____ GIVEN ENTRIES
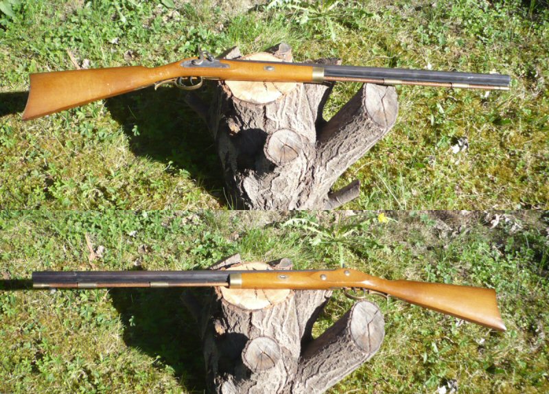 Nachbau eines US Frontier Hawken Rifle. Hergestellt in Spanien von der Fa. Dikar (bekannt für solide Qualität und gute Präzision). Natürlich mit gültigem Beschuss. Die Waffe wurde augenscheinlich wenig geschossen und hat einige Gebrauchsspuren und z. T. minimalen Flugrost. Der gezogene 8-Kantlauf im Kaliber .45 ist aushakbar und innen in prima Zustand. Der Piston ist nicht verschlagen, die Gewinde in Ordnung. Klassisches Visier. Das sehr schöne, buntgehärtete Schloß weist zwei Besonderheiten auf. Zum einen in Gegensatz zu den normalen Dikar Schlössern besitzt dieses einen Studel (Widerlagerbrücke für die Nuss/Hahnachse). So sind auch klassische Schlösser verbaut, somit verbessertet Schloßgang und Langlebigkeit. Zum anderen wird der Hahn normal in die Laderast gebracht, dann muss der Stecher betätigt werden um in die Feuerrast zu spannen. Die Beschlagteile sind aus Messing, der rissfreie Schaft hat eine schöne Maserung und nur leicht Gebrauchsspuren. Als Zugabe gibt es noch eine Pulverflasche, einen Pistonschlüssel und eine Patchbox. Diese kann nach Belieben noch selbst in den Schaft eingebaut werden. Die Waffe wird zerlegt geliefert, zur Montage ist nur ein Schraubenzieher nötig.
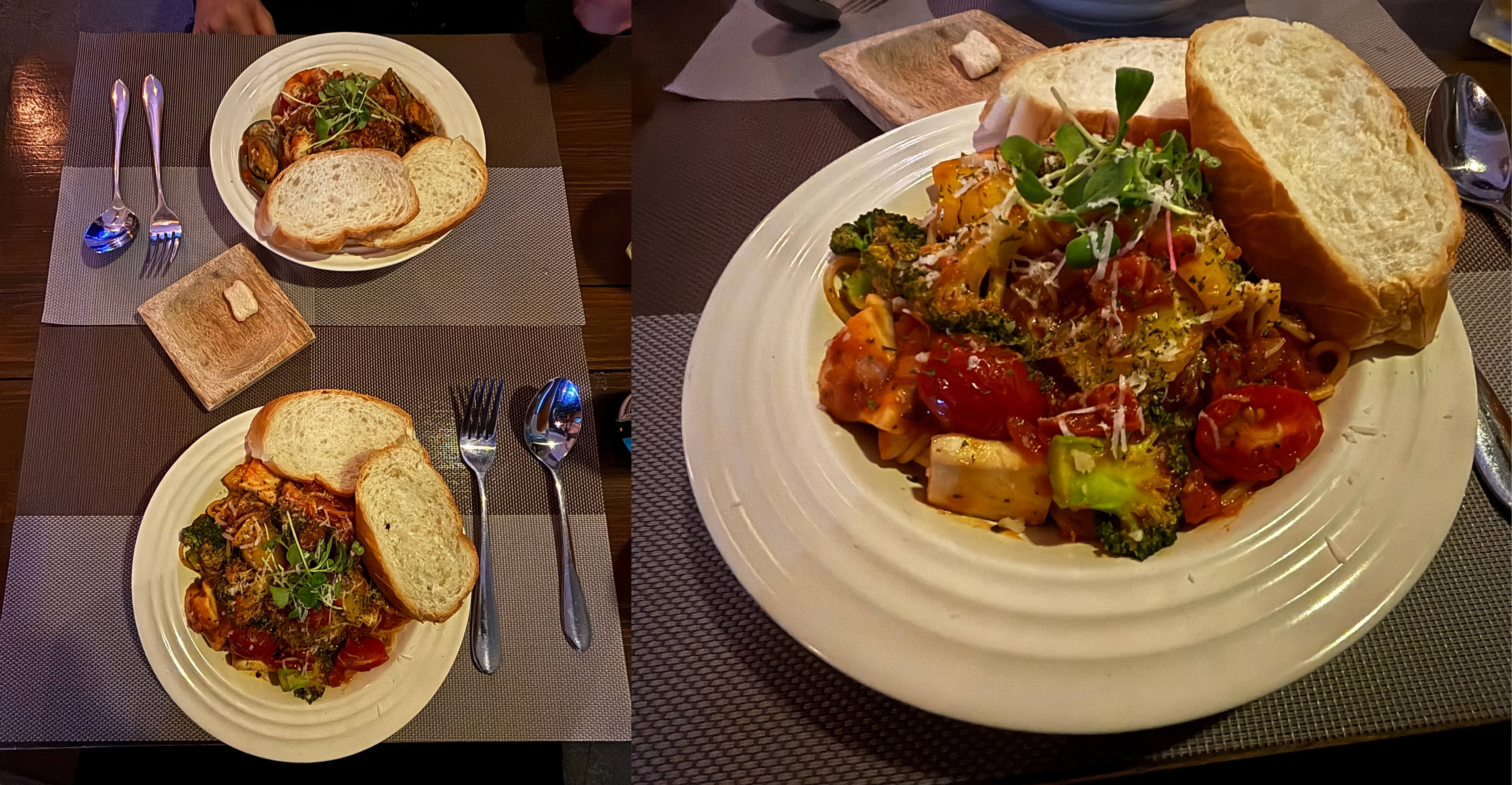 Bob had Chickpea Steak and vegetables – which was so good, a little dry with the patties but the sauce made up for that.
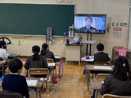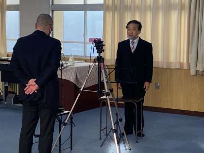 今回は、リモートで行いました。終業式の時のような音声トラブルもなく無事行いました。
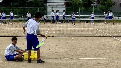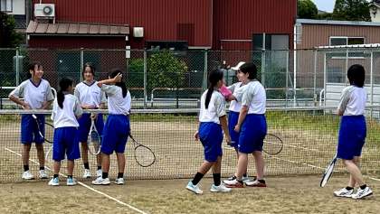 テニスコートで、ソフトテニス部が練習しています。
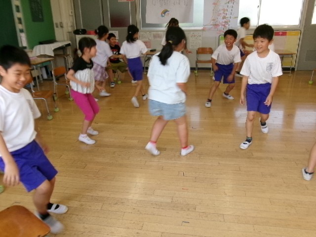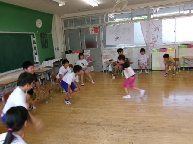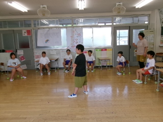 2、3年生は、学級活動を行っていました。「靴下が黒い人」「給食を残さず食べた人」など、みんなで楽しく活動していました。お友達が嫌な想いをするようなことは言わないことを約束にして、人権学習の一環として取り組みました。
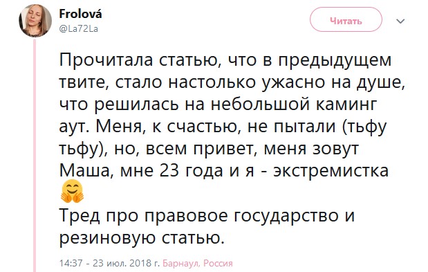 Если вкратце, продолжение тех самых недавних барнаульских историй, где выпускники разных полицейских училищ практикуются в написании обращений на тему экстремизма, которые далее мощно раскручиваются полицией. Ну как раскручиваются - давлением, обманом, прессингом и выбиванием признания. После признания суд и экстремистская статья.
________
- **PROBLEM**
Copy nothing but the lines from the one containing "Bob had Chickpea" through the last line of the listing above, transcribed exactly and with no pictures.

- **REPLY TO THE EXERCISE**
 Bob had Chickpea Steak and vegetables – which was so good, a little dry with the patties but the sauce made up for that.
 今回は、リモートで行いました。終業式の時のような音声トラブルもなく無事行いました。
 テニスコートで、ソフトテニス部が練習しています。
 2、3年生は、学級活動を行っていました。「靴下が黒い人」「給食を残さず食べた人」など、みんなで楽しく活動していました。お友達が嫌な想いをするようなことは言わないことを約束にして、人権学習の一環として取り組みました。
 Если вкратце, продолжение тех самых недавних барнаульских историй, где выпускники разных полицейских училищ практикуются в написании обращений на тему экстремизма, которые далее мощно раскручиваются полицией. Ну как раскручиваются - давлением, обманом, прессингом и выбиванием признания. После признания суд и экстремистская статья.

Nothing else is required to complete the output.